Required action
Transcribe, exactly and without pictures, the lines below from the line with "LeggiSmoking blu in" to the line with "Le printemps approche", both ends included, and no others.

Entries shown
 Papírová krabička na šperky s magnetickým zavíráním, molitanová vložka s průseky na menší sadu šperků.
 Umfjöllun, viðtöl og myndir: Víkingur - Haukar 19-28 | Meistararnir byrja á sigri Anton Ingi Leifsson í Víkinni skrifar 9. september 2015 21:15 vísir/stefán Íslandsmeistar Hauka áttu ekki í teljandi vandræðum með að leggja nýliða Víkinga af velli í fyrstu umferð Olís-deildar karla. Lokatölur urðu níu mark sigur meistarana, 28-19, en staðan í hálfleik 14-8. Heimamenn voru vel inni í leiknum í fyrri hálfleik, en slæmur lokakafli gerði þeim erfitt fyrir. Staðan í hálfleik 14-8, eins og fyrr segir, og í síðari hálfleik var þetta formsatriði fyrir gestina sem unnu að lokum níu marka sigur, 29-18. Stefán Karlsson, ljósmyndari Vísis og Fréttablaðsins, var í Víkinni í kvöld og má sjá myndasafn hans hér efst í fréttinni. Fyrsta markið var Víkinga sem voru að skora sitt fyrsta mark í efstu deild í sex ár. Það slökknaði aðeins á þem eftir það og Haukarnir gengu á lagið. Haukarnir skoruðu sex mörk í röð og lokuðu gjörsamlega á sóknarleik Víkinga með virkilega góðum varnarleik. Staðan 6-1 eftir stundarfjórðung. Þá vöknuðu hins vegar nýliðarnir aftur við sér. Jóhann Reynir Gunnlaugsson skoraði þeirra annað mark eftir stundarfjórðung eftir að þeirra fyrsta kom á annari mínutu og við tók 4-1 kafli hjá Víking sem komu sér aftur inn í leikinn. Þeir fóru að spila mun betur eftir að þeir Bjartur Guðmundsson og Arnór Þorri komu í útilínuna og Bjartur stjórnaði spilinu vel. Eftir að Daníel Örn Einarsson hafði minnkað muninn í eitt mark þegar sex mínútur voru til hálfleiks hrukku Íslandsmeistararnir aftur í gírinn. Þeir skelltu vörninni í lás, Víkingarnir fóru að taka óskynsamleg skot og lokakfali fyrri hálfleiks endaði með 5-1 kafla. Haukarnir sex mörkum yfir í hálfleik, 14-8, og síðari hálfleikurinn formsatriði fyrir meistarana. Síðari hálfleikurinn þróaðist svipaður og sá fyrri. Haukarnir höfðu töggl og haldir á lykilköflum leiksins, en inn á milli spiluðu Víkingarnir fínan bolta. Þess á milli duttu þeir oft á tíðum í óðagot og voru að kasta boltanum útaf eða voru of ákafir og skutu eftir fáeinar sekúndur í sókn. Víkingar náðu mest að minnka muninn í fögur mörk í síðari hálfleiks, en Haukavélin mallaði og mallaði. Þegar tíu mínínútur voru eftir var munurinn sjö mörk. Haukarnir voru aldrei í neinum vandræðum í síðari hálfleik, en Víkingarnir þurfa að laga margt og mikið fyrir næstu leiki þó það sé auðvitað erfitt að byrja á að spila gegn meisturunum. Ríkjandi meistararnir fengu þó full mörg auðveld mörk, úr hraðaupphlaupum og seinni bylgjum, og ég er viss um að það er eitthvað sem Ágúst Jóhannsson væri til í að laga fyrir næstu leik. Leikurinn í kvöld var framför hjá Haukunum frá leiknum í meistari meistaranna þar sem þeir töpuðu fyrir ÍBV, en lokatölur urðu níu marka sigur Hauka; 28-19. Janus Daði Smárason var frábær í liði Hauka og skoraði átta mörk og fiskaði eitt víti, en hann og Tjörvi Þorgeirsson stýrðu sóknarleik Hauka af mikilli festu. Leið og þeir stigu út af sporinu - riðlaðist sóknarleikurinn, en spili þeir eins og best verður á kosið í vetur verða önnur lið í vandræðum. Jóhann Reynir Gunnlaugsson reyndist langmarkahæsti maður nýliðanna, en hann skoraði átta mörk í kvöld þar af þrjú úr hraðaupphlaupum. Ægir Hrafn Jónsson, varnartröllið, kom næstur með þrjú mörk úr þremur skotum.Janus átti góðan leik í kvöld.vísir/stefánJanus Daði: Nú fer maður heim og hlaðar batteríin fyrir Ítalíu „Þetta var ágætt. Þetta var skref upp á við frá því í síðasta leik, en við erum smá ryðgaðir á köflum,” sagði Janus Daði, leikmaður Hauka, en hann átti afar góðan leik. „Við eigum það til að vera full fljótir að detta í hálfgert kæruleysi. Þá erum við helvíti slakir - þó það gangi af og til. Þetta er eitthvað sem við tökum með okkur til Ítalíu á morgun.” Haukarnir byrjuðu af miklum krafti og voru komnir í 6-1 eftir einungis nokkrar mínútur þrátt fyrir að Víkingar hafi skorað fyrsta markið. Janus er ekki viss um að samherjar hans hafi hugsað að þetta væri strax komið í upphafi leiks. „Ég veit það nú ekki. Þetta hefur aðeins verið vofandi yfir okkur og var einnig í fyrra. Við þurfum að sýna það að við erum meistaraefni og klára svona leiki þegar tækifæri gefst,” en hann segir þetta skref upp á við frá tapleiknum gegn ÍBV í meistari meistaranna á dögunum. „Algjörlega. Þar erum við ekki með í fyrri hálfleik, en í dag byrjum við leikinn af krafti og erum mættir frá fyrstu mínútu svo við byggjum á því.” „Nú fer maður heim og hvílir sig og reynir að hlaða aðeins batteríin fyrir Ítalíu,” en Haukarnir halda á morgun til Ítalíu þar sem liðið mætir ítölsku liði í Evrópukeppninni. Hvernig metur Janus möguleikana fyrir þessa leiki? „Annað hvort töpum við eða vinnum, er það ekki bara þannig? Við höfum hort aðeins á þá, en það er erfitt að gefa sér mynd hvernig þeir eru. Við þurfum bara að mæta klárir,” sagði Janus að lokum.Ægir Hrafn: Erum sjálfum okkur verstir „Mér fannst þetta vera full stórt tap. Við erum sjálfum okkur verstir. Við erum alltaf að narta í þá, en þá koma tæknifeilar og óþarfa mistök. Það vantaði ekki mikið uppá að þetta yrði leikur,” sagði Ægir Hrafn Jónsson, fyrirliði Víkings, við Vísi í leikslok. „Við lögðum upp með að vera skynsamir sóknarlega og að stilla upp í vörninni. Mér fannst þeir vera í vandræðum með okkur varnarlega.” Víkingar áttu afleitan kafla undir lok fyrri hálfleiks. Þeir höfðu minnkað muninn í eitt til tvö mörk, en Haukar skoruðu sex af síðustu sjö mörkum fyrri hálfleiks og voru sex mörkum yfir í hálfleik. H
--
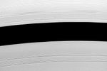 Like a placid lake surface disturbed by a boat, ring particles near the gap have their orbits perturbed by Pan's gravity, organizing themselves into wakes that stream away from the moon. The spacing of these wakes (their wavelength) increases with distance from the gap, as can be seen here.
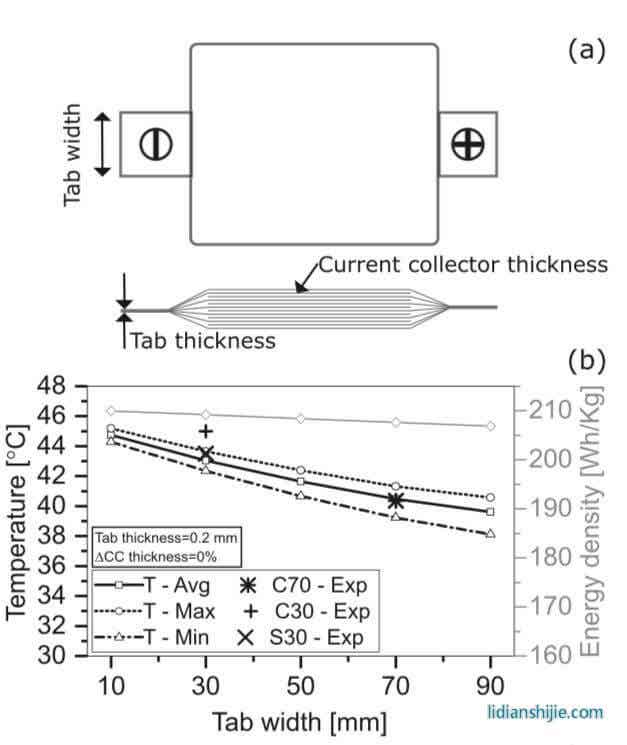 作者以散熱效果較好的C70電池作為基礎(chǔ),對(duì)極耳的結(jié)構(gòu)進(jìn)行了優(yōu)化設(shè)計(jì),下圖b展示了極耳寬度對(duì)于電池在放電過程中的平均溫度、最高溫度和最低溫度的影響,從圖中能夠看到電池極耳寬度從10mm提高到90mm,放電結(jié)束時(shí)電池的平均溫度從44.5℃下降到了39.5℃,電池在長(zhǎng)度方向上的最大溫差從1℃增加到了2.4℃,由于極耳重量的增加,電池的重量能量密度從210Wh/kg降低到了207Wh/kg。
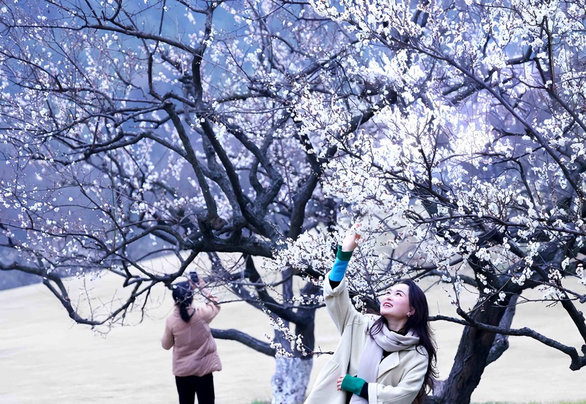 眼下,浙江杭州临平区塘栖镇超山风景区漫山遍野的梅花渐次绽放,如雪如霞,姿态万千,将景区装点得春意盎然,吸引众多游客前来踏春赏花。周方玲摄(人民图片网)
* * *
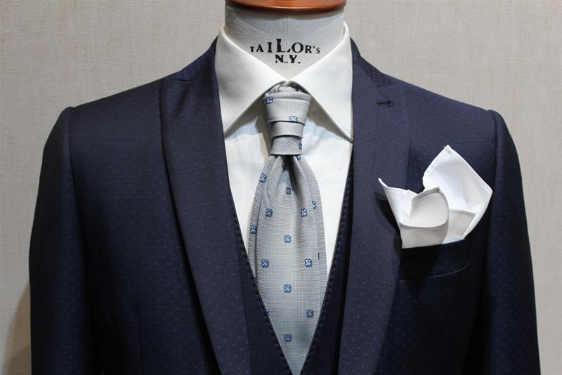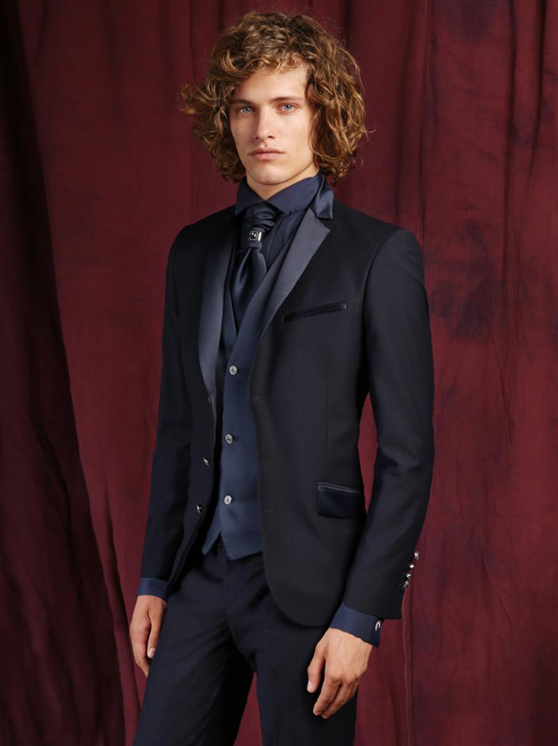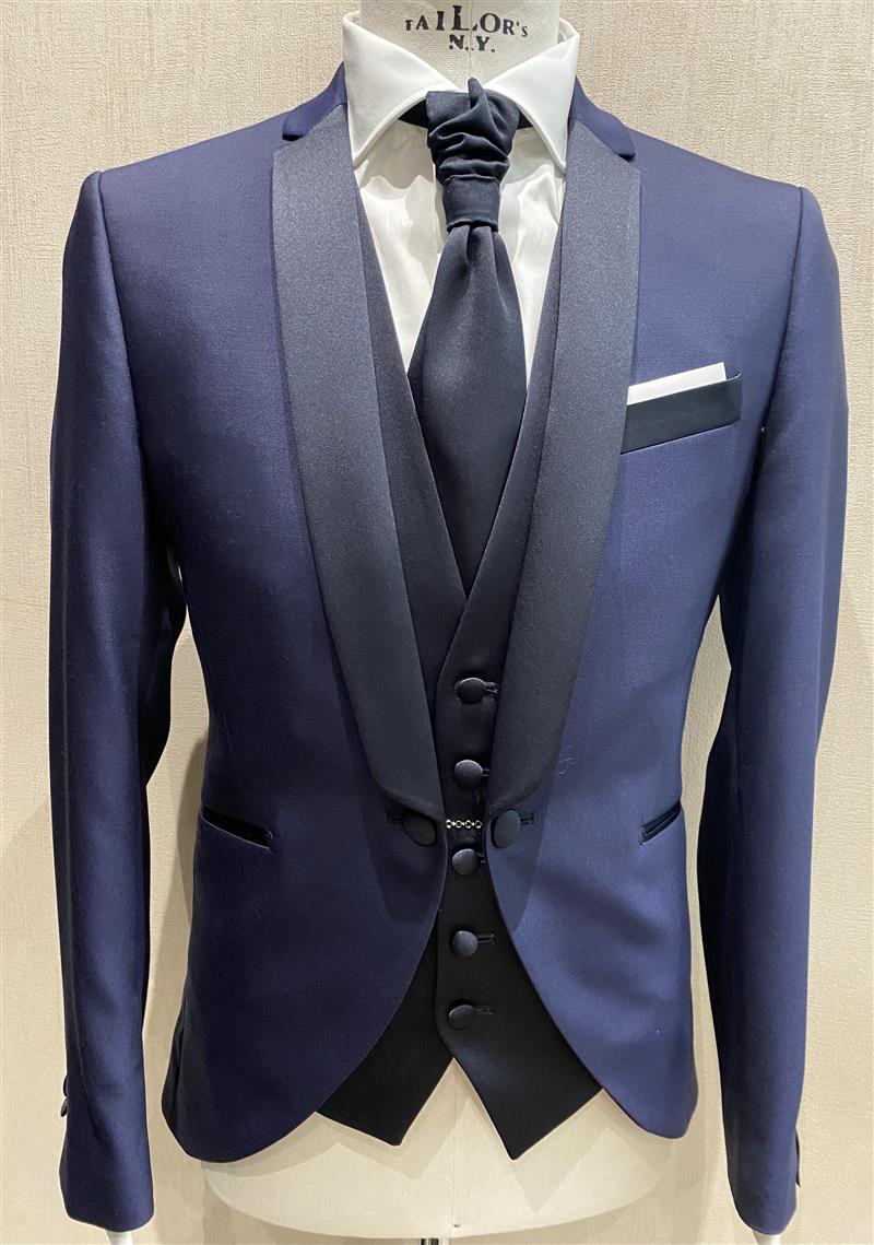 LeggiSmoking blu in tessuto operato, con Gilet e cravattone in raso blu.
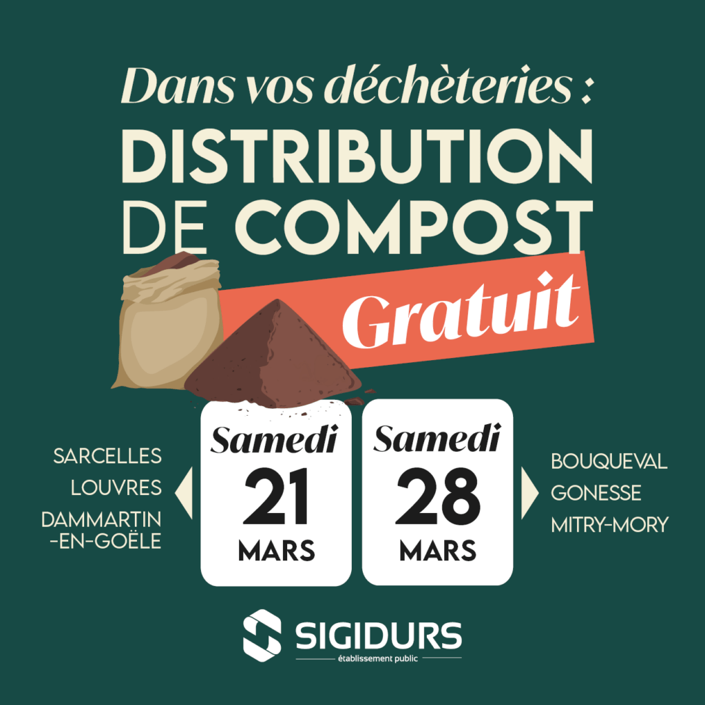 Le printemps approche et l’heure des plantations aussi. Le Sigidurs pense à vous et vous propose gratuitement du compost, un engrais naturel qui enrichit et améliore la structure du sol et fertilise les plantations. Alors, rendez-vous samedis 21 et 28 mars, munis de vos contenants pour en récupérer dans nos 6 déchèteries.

The completed task
 LeggiSmoking blu in tessuto operato, con Gilet e cravattone in raso blu.
 Le printemps approche et l’heure des plantations aussi. Le Sigidurs pense à vous et vous propose gratuitement du compost, un engrais naturel qui enrichit et améliore la structure du sol et fertilise les plantations. Alors, rendez-vous samedis 21 et 28 mars, munis de vos contenants pour en récupérer dans nos 6 déchèteries.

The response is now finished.